Entries provided below:
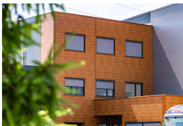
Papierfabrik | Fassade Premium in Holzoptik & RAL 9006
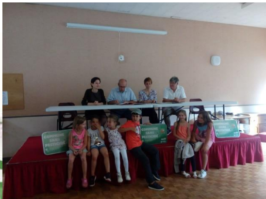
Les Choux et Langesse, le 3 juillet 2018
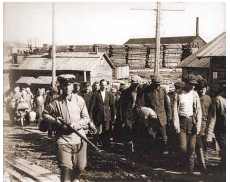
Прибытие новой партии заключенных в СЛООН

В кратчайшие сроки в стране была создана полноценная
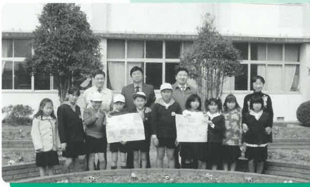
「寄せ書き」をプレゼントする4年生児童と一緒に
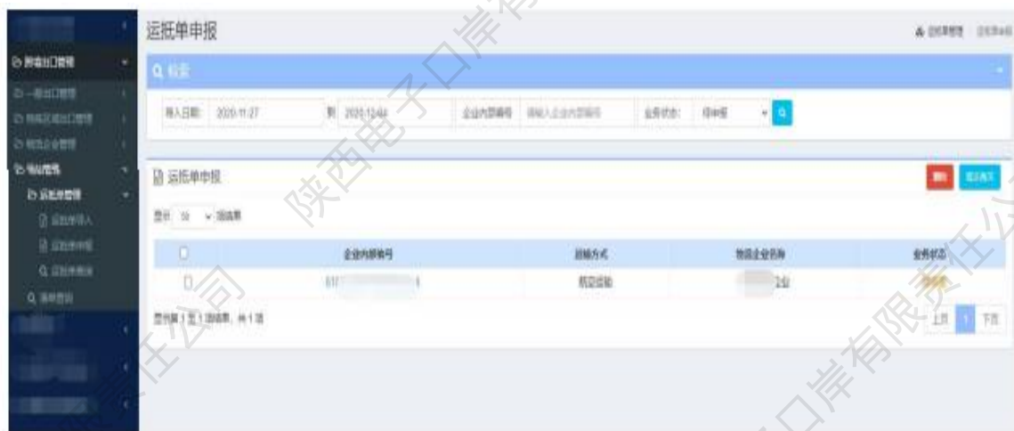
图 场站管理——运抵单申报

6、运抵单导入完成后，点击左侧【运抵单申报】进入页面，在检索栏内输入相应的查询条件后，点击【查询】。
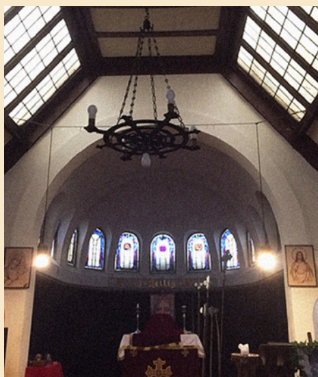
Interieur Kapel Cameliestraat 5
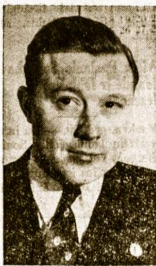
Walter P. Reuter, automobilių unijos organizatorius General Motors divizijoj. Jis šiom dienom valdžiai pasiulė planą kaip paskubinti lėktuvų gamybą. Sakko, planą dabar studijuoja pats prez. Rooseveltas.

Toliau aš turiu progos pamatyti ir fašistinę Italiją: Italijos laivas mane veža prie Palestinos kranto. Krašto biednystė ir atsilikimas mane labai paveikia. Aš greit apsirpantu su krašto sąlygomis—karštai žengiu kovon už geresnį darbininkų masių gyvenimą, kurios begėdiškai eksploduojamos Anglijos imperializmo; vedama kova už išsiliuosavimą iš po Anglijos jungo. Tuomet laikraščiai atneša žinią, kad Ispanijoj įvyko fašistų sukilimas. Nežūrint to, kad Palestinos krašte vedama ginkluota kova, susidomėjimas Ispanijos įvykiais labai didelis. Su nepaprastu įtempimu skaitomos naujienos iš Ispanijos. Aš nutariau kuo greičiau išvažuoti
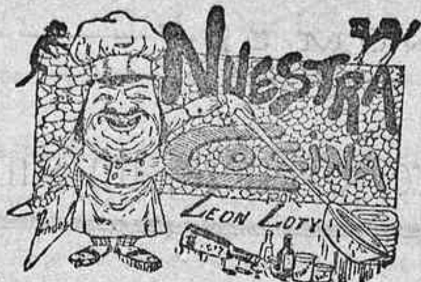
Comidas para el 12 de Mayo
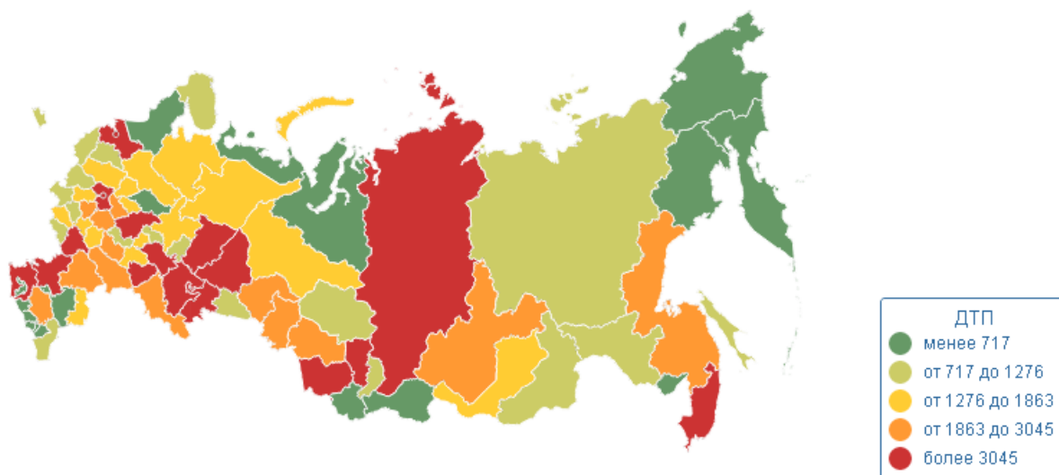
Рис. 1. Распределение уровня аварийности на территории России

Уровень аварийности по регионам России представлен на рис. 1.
End of Entries provided.
* **Task to complete**
Beginning with the first line of the records and ending with the line that contains "Walter P. Reuter, automobilių", reproduce every line exactly, omitting pictures and adding nothing.

* **Result below**
Papierfabrik | Fassade Premium in Holzoptik & RAL 9006
Les Choux et Langesse, le 3 juillet 2018
Прибытие новой партии заключенных в СЛООН

В кратчайшие сроки в стране была создана полноценная
「寄せ書き」をプレゼントする4年生児童と一緒に
图 场站管理——运抵单申报

6、运抵单导入完成后，点击左侧【运抵单申报】进入页面，在检索栏内输入相应的查询条件后，点击【查询】。
Interieur Kapel Cameliestraat 5
Walter P. Reuter, automobilių unijos organizatorius General Motors divizijoj. Jis šiom dienom valdžiai pasiulė planą kaip paskubinti lėktuvų gamybą. Sakko, planą dabar studijuoja pats prez. Rooseveltas.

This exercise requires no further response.